「愛子天皇」を実現させるべきではない“根本的な理由” 「世論調査」の結果で「皇位継承」を論じる危険性を、憲法学者が語る
移ろいやすい世論
――なぜ、愛子天皇の実現には問題があると主張するのでしょうか。
愛子様は本当に素晴らしい成年皇族になられました。ご公務も立派にこなしておられます。しかし、愛子様が品格を備えておられることと、天皇になられるべきかどうかということは、まったく次元の異なる問題です。メディアは、神々しいから天皇になってほしいなど、きわめて主観的で情緒的な議論を盛んに行っているような気がします。こうした取り上げ方には大きな問題があるように思います。
いま、メディアは愛子様称賛の報道一色です。しかし、今から15~20年ほど前はどうだったでしょうか。学習院初等科での不登校問題が起きていた時、長期間にわたってバッシング報道を続けていました。それが、小室眞子さんの結婚問題以降、秋篠宮家へのそれへと移り変わっています。メディアや、その映し鏡である世論というのは、このようにその時々の状況によって、非常に移ろいやすいものです。

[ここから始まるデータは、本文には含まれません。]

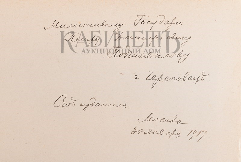 Автограф издателя – дарственная надпись на свободном листе переднего форзаца: «Милостивому Государю Петру Дмитриевичу Подшивалову г. Череповец. От издателя. Москва, 30 января 1917».
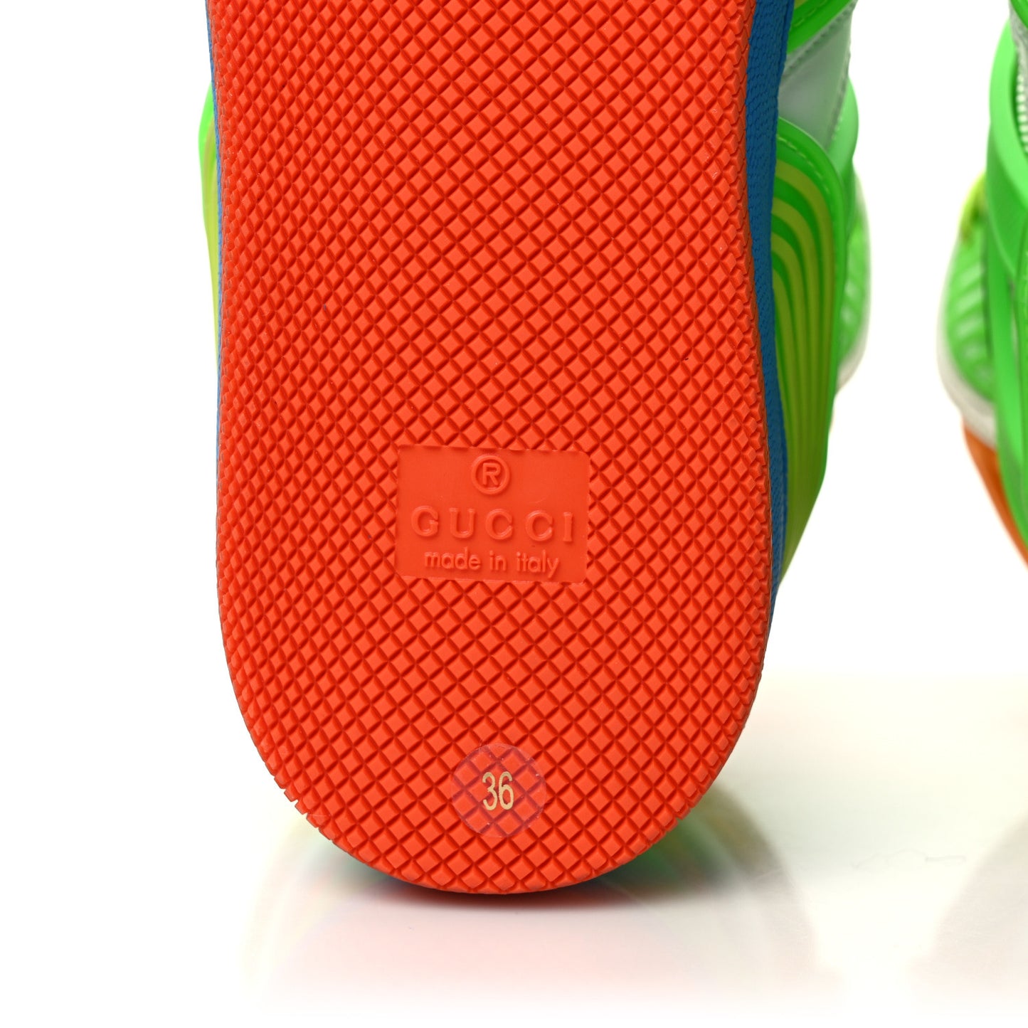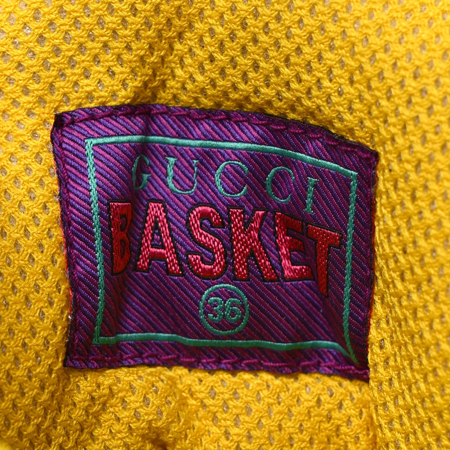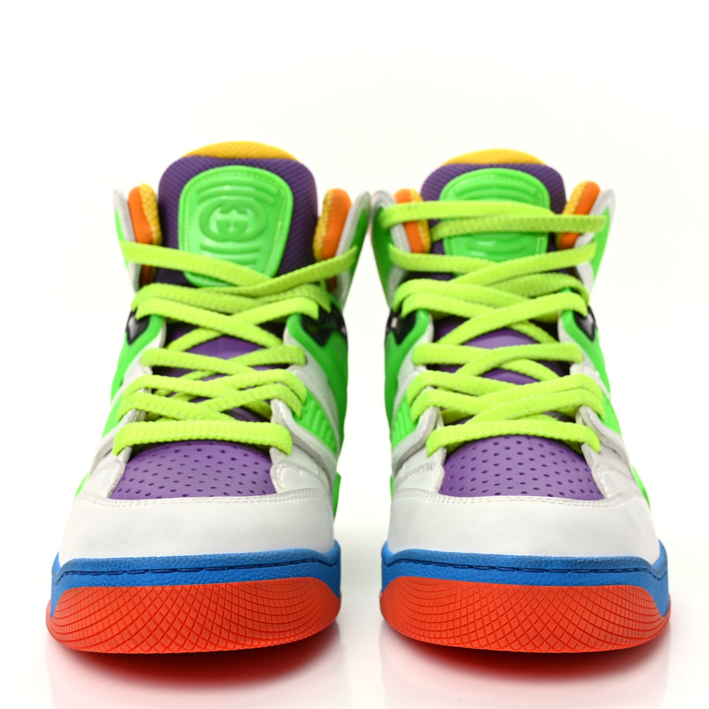 This is an authentic pair of GUCCI Demetra Womens Basket High Top Sneakers size 36 in Great White and Shine Purple. These vibrant shoes are crafted of multicolor fabric made of 70% vegetable raw materials, with rubber soles.Follow this item for alerts. Gucci is a registered trademark of Gucci. FASHIONPHILE is not affiliated with Gucci.

そのようなものによって皇位が左右されてはいけない、というのが私の考えです。
そもそもどなたが天皇にふさわしいかというのは、世論調査で決まるものではありません。それに、世論調査に回答した人たちが、皇室の伝統をどこまで理解しているのか。多くの人は、そこへの意識よりも、愛子様個人への愛着、また、女性の社会進出や男女平等などといった視点から、女性天皇・女系天皇に賛成しています。これは人気投票に近いものを感じます。本当にそれで良いのか。原点に立ち返って検証することは、極めて大事だと思います。
不文の憲法
――では、原点に戻りましょう。なぜ天皇は「男系」でなければならないのですか?
皇位がなぜ「男系」によって継承されなければならないのか。明治憲法下の皇室典範の解説書である、「(旧)皇室典範義解」は、その理由を次のように説明しています。初代神武天皇から第32代崇峻天皇に至るまで男系の男子が即位しており、これにより上代において既に変えてはならない皇室の家法が成立した、すなわち「不文の憲法」が成立したからだ、と。

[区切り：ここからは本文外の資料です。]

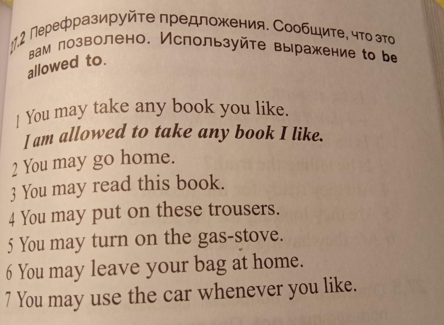 Используйте выражение to be allowed to. 1 You may take any book you like. I am allowed to take any book I like. 2 You may go home. 3 You may read this book. 4 You may put on these trousers. 5 You may turn on the gas-stove. 6 You may leave your bag at home. 7 You may use the car whenever you like.
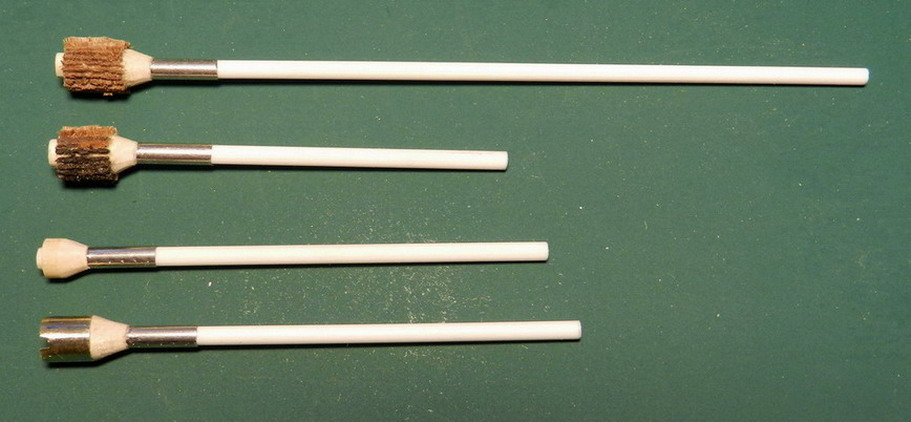 Начал работу над принадлежностями для орудия. Сделал банники для ствола и каморы, прибойник и разрядник.
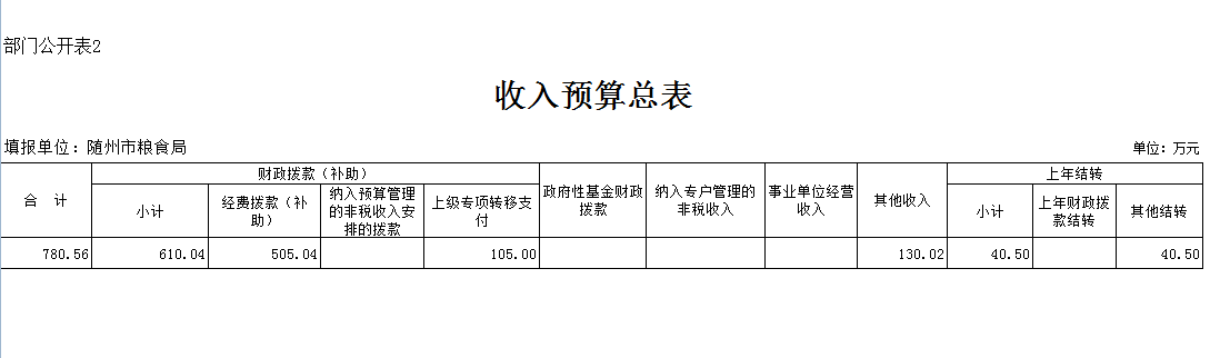 2018年糧食局本級預算收入總額780.56萬元,比去年864.29萬元減少83.73萬元,同比減少9.69%,減少主要原因是預算中不包含退休人員的工資及職工獎勵性工資。
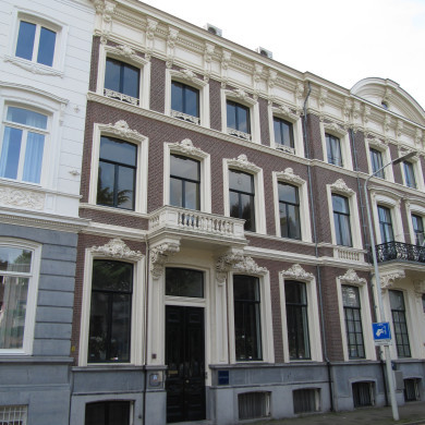 Herenhuis op rechthoekige plattegrond, bestaande uit souterrain en drie bouwlagen onder een met zink gedekte mansardekap, vier vensterassen breed. De bakstenen voorgevel bezit een met natuursteen bekleed souterrain. De bouwlagen worden van elkaar gescheiden door geprofileerde stucwaterlijsten. De ingang, bestaande uit een dubbele paneeldeur, wordt bekroond door een balkon met balusters en smeedijzeren hek, rustend op zware gebeeldhouwde consoles in neo- Lodewijk XIV-trant. De vensters, T-vormige schuifvensters op de eerste en tweede bouwlaag, en stolpramen op de derde, bezitten rijk geprofileerde omlijstingen met sierstukken, bestaande uit een schelp en/of een maskerkop tussen acanthusbladeren. De stolpramen zijn onderaan voorzien van een smeedijzeren hekje. De souterrainramen bezitten ijzeren roosters. De gevel wordt afgesloten door een rijk versierde gootlijst, bestaande uit een fries met rechthoekige panelen, paarsgewijs geplaatste gebeeldhouwde bladconsoles met maskerkoppen, een tand- en een eierlijst. De achtergevel is gepleisterd met ingekraste groeven en afgesloten door een eenvoudige gootlijst op klossen en rechthoekige panelen in het fries. Het twee assen brede linkerdeel is als risaliet uitgebouwd. Op de eerste bouwlaag zijn een door architect Mutters in 1913 gebouwde serre met glas-in-lood bovenlicht, en veranda gesitueerd, voorzien van houten pilasters en een ijzeren balustrade. Het geheel rust op smalle, ronde pijlers, waaronder het souterrain. De tweede en derde bouwlaag bevatten zes-ruits schuifvensters, waarvan twee met een smeedijzeren hekje. Interieur met onder meer bewaard gebleven rijke eclectische afwerkingen.

これを私なりに解説すれば、「男系」は建国以来の「皇室の伝統」であり、初代天皇の男系の子孫であることこそが、天皇の正統性の根拠として考えられてきたということです。そして、それが不文のものではありますが、いわゆる「憲法」と認識されてきたから、ということです。
明治より前は、男系継承の原則は、このように「不文の憲法」として位置付けられてきました。そして明治以降は成文憲法として定められます。まず、明治憲法では、第二条ではっきりと「皇位」は「皇男子孫」(男系男子)が「継承する」と定められています。これに対して、戦後にできた現在の憲法の第二条では「皇位は、世襲のもの」と定めているだけです。
しかし、現行憲法は明治憲法を前提とし、それを改正して出来たものです。また、現行憲法の第二条に基づいて制定された皇室典範は第一条で「皇位は、皇統に属する男系の男子が、これを継承する」と明記しています。そこで、新憲法制定以来、政府は憲法第二条の「世襲」は「男系」を意味する、少なくとも「男系を重視」するものと解釈してきました。この政府見解は、今日まで一貫しています。
女系天皇の賛成派は「護憲派」の人と重なる傾向が強いですが、安易な女系天皇論の採用は憲法違反の疑いがあることを、しっかりと認識しておく必要があります。